As the resident, in-house lighting designer here at Shine On, I thought it necessary to share the importance of light beam angles when looking to upgrade the lights in your property, or when installing in a new build. Maybe it’s something you have never thought of, but if you select the wrong light and your beam angle is out, then you will get lower than ideal light levels and poor uniformity. This in a nutshell means bright and not so bright areas in your space.
How you measure a beam angle
The light’s beam angle is the angle from peak light intensity to where it drops off to 50% of that peak. For most fittings, the maximum light is directly below the luminaire and the light then disperses out until it hits 50% of its peak. Everything below 50% is called spill light and the total angle of light distribution from peak to no light is called the field angle.
A graphic representation of a light’s beam angle is depicted in the illustration below.

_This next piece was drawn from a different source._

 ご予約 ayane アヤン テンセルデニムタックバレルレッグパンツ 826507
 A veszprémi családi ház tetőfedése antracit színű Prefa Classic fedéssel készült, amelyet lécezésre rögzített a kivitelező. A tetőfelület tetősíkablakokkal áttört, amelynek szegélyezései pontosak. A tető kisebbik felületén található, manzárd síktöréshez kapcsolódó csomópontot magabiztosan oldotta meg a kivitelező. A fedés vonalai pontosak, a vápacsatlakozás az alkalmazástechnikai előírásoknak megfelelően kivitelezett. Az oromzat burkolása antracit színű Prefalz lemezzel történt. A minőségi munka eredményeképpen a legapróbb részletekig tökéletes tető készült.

Why do beam angles matter?
Controlling the light distribution and getting the light where you want it is just as important as how much light you generate. The main things that affect the beam angle are the height of the ceiling the fittings are mounted to and the spacing between the fittings.

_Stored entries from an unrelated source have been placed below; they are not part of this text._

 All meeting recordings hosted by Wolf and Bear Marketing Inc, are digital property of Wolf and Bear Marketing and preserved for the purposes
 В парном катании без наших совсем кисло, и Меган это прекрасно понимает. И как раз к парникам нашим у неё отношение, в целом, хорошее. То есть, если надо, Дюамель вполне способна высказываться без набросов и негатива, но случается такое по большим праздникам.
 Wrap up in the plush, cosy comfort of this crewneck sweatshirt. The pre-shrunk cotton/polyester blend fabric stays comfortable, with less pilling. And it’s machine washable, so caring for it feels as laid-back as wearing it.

One important part of my job is to ensure that we put the right fitting for the height of the ceiling and that they are spaced appropriately. This ensures that there is no spill light and the beam angles overlap so there is always 100% illumination on the workplane.
In general, in order to get uniform lighting:
- the higher the mounting height, the narrower the beam; and
- the wider the spacing, the wider the beam.

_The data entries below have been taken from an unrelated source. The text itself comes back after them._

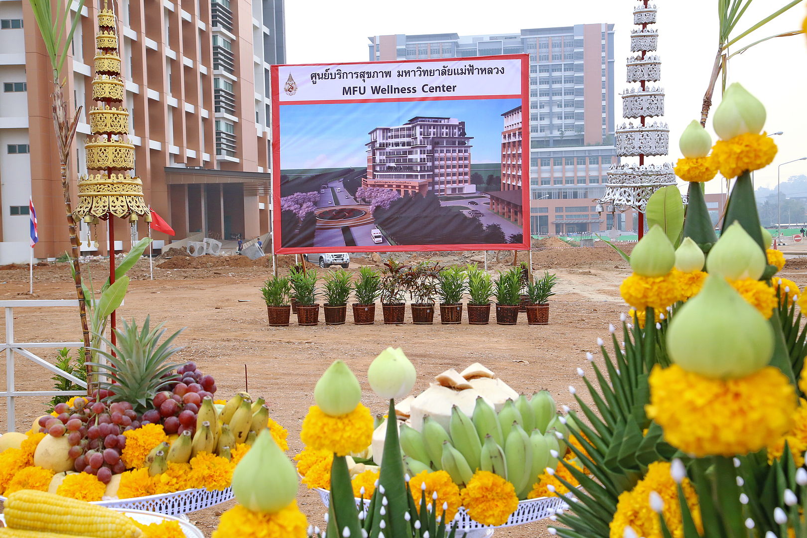 เมื่อวันที่ 27 มีนาคม 2561 ที่ผ่านมา รศ.ดร.วันชัย ศิริชนะ อธิการบดี มหาวิทยาลัยแม่ฟ้าหลวง (มฟล.) ได้เป็นประธานในพิธีเบิกปฐพีอาคารศูนย์บริการสุขภาพมหาวิทยาลัยแม่ฟ้าหลวง (MFU Wellness Center) โดยมีพระเทพปริยัติมงคล (หลวงปู่โอภาส โอภาโส) เจ้าอาวาสวัดจองคำ จ.ลำปาง เดินทางมาเป็นประธานฝ่ายสงฆ์ พร้อมด้วยพระสงฆ์สมณศักดิ์จำนวน 8 รูป เจริญพระพุทธมนต์ในพิธี ในการนี้ได้รับเกียรติจากหน่วยงานราชการ รัฐวิสาหกิจ และเอกชน พร้อมด้วยคณะผู้บริหาร พนักงาน และนักศึกษาเข้าร่วมพิธีเป็นจำนวนมาก
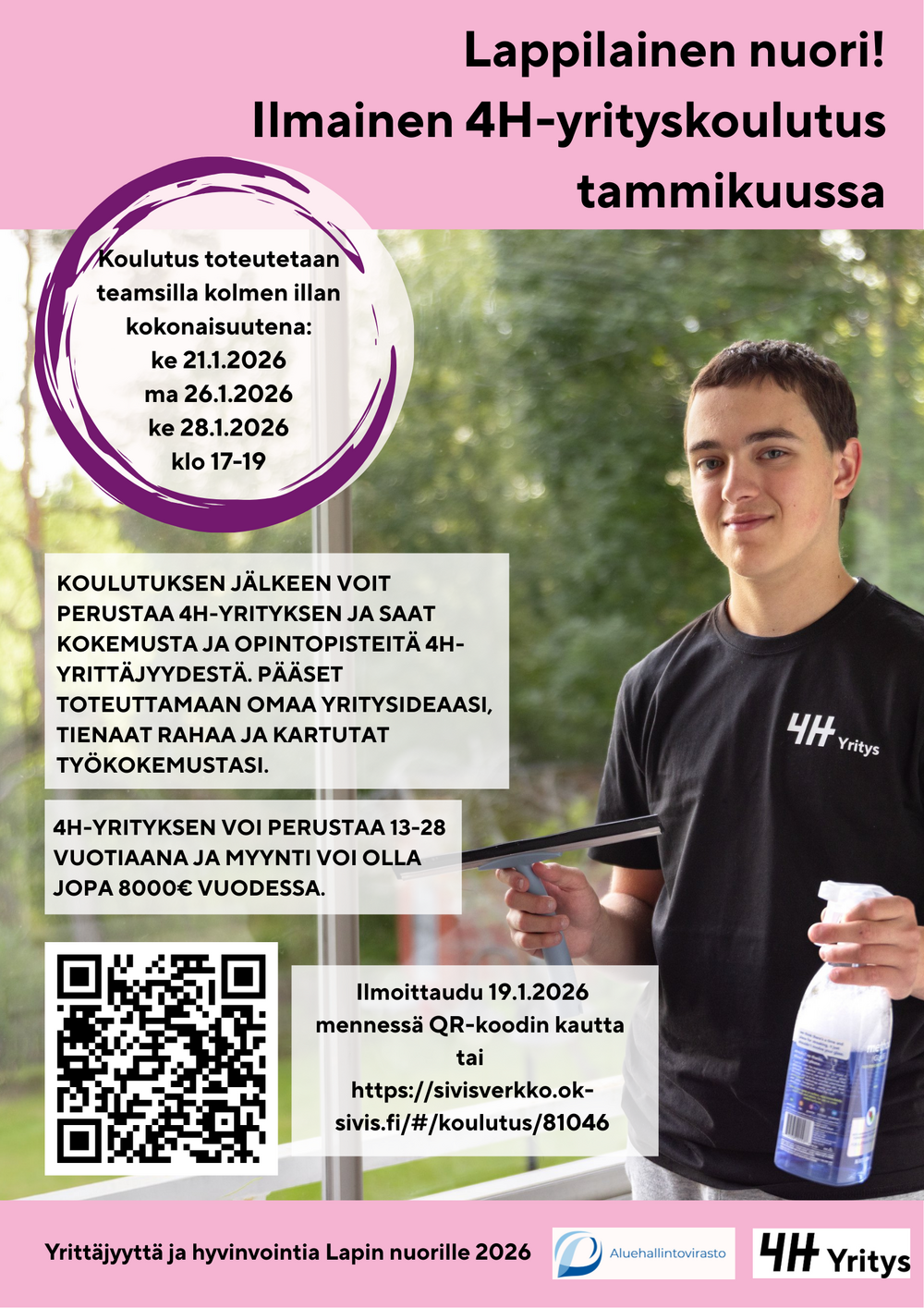 Ilmoittaudu 4H-yrityskurssille sivisverkon kautta tai QR-koodin kautta.
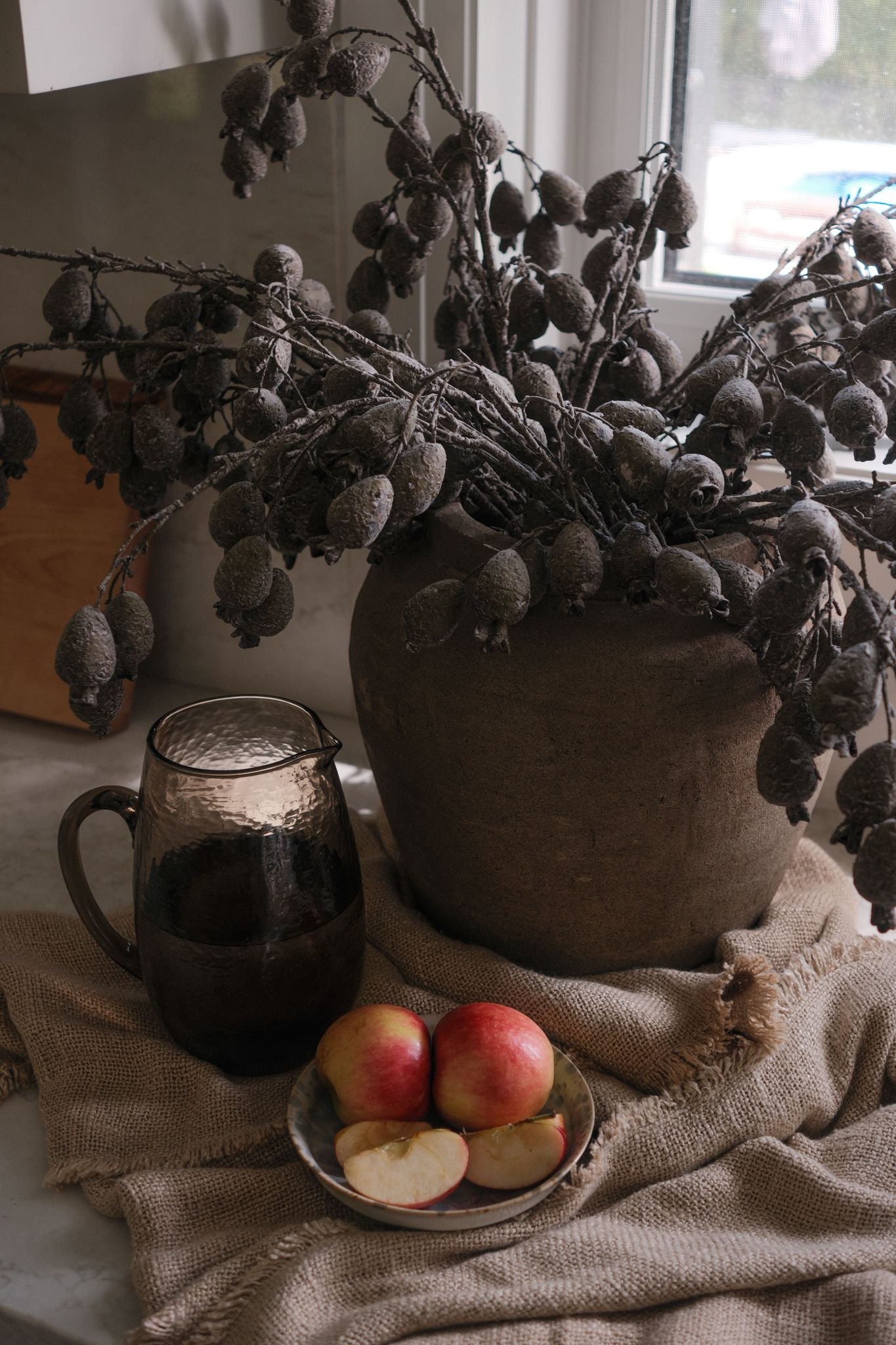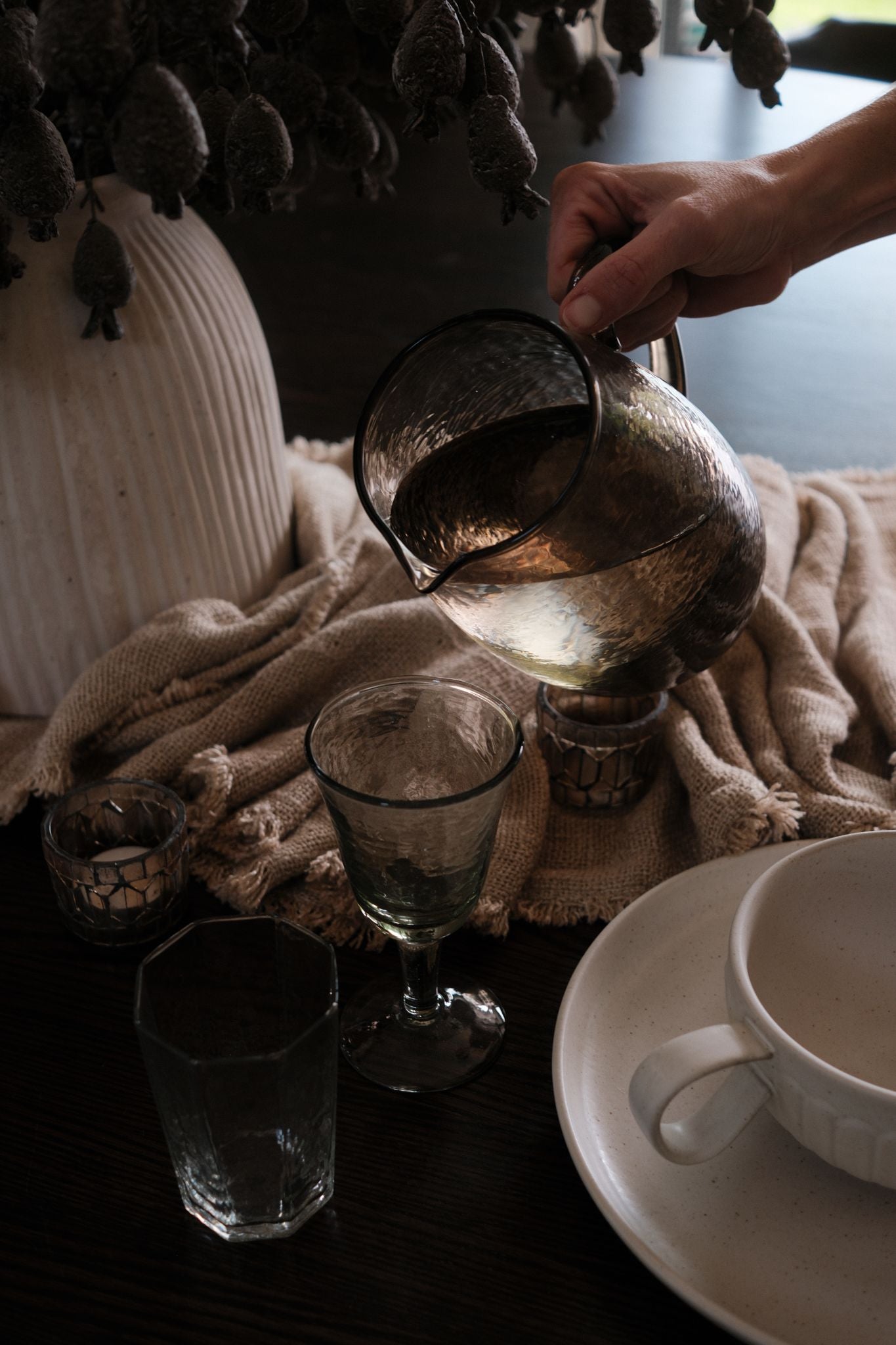 Elevate your dining experience with the Mara Earthen Glass Pitcher, expertly crafted from recycled glass. Its warm, earthy brown tone adds a natural elegance to any kitchen or table setting. Ideal for serving water or cocktails, this hand-blown pitcher also serves as a striking centerpiece, bringing both height and subtle visual interest to your space.

How you can change the beam angle
Beam angles are particularly relevant to high ceilings in industrial spaces which often have highbay lights. The easiest way to change the beam angle in this situation is to use a reflector which can disperse the light more or less depending on the height of the ceiling or the space between lights. This is why it is so important to have adaptable lights like our H-Flux Mk3 highbay which has five interchangeable reflectors for almost every situation. Other LED highbays, such as the UFO, don’t have changeable beam angles and therefore aren’t flexible for non-standard spaces.
You can also change a lens on a chip itself usually used in floodlighting to alter the beam angle.
When looking to upgrade your existing lighting to LED or if you’re building from scratch, make sure you employ an experienced lighting designer at the start of the process. Not only will they recommend the right light for your space, they will ensure you conform to AS/NZS 1680 requirements, so you do it right the first time.